Le premier confinement de la crise du Covid-19 a été un grand bouleversement. Il a vu naître des projets ambitieux, notamment chez France Télévisions le concept Apollo, lauréat d’un trophée SATIS 2021.

Apollo a été conçu et développé au sein du service ingénierie process moyen des échanges de France Télévisions par ses trois concepteurs : Christophe Kar, Nicolas Briand et Yannick Olivier. Ils nous présentent les possibilités actuelles et futures de leur mission… Apollo !

Pouvez-vous nous décrire l’activité de votre service au sein de France Télévisions ?

Nous mettons en place des moyens techniques pour la rédaction nationale de France Télévisions ou les régions de France 3 : transmissions satellites, transmissions et workflow de fichiers. Nous intervenons auprès des équipes en mobilité, sur les stations de montage mobiles des équipes de tournage et les unités de tournage smartphone UTS et gérons la contribution vidéo (diffusion temps réel d’un flux vidéo live compressé entre l’ensemble des régions France 3 et le siège de France Télévisions). Nous travaillons de plus en plus autour de systèmes centrés sur le transport audio-vidéo IP ST-2110. Supportant toutes les solutions que nous mettons en œuvre, nous sommes le seul service d’ingénierie à assurer une astreinte en coordination avec les cadres techniques régionaux et l’ingénierie de process support au siège (la maintenance). Arnaud Kotlarczik est le responsable du service, épaulé par Arnaud Courtois, coordinateur de projet. Thierry Pieszko, Benoît Michel, Christian Perrin sont chefs de ce projet et avec Amy Rajaonson et Mathieu Payraudeau, nous sommes cinq ingénieurs technos.
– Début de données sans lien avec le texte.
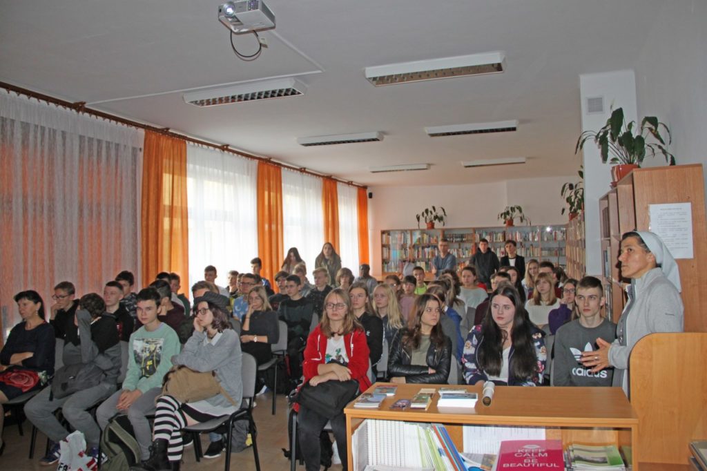 Na lekcjach religii o życiu i działalności św. Franciszka opowiadały siostry z Zakonu Franciszkanek Misjonarek Maryi. Siostry z Łabuń, wykorzystując prezentację multimedialną, rozmawiały z młodzieżą o swojej działalności misyjnej na rzecz potrzebujących na całym świecie. Przestrzegały młodych ludzi przed zagrożeniami współczesnej cywilizacji, takimi jak: handel ludźmi, prostytucja czy niewolnictwo.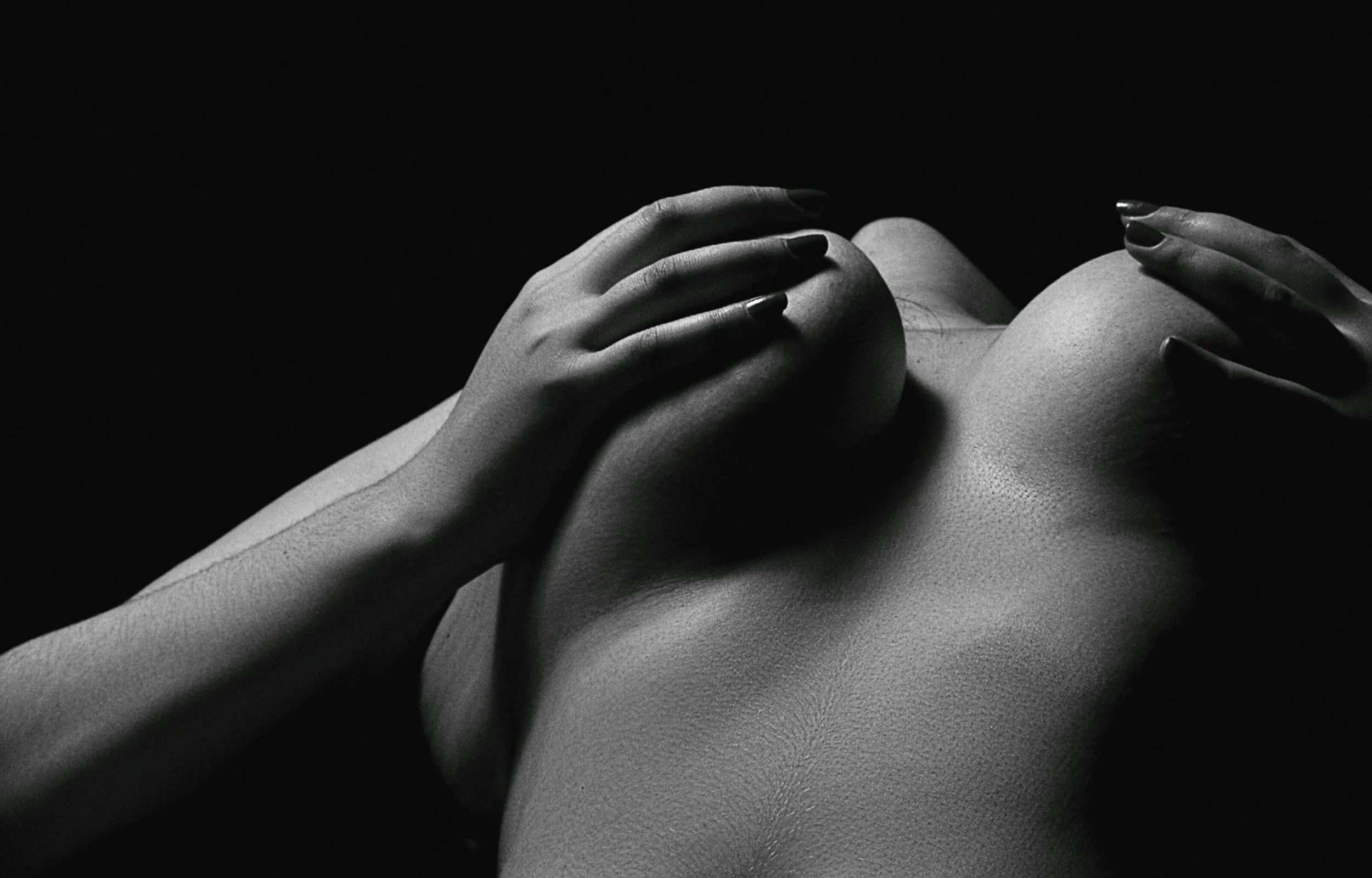 I allow myself to feel and let out a few more moans. His left hand slowly glides across my back. The touches barely graze me. He moves his hand from one side of my lower body to the next. Each side to side I feel the nervous energy leave my body. His hand moves back up, and for a moment, he stops in the middle. He pushes his fingertips into my skin, and I can feel his energy move from him to me–my defenses slowly diffusing. I am watching him as he watches my breaths become more shallow.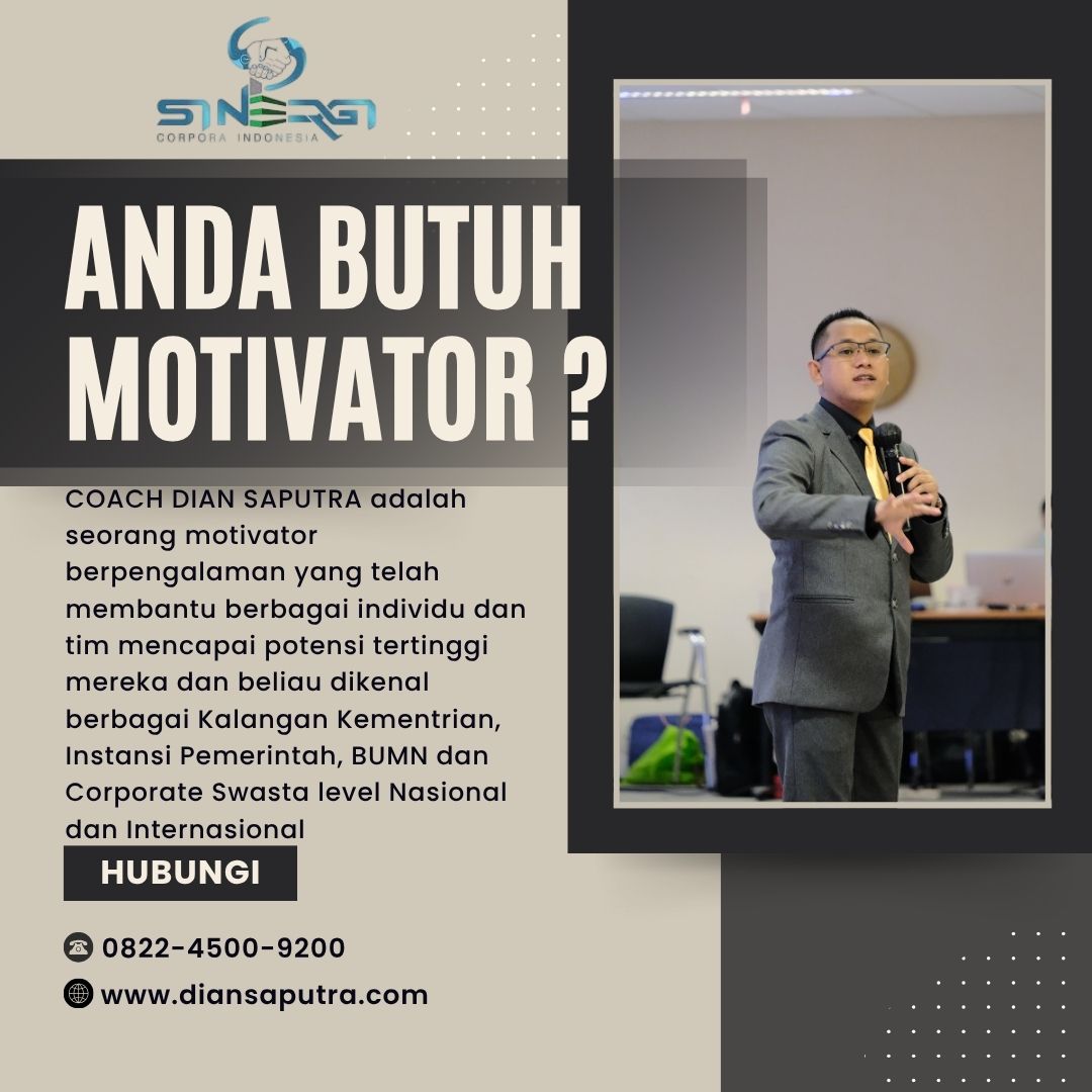 Anda Berada di Info Yang Tepat. Dian Saputra adalah seorang Motivator sekaligus Trainer sinergi corpora Indonesia yang sudah berpengalaman selama 13 Tahun. Coach Dian Saputra selalu memberikan materi yang fun dan Berdampak guna meningkatkan kinerja dan produktivitas SDM di Bisnis Anda. Coach Dian Saputra dikenal oleh Kalangan Corporate Seperti BUMN, Dinas Pemerintah, Kementerian, Hingga Corporate Swasta Lainnya berskala Nasional dan Internasional.

Détails de la présentation des salles de montage dans Apollo. © France Télévisions

Pouvez-vous nous décrire le concept d’Apollo qui a obtenu le trophée SATIS 2021 dans la catégorie postproduction ?

C’est un portail d’accès via un site Web interne à des stations de travail virtuelles déployées dans un data center, équipées d’une carte graphique de qualité, d’un gros CPU et de beaucoup de RAM. Nous demandons à un fournisseur cloud, en l’occurrence AWS, de les mettre à disposition selon les besoins. Lorsque la machine est arrêtée, la facturation l’est également. Le coût horaire se situe entre 2 et 2,50 euros. Notre choix dans le catalogue d’AWS est la G4 dans l’offre EC2 équipée d’une carte graphique Nvidia Tesla T4 associée à une configuration évolutive. Nous pouvons y installer des logiciels comme Adobe Premiere Pro et/ou le logiciel de production live vMix sous Windows. Pour du montage en HD, nous exploitons des machines à huit cœurs avec 16 Go de RAM ; pour de l’UHD multipistes nous pouvons utiliser des processeurs 32 ou 64 cœurs, avec de 128 à 256 Go de RAM. L’offre d’AWS convient pour cette mise en place rapide, mais nous restons ouverts à d’autres solutions cloud.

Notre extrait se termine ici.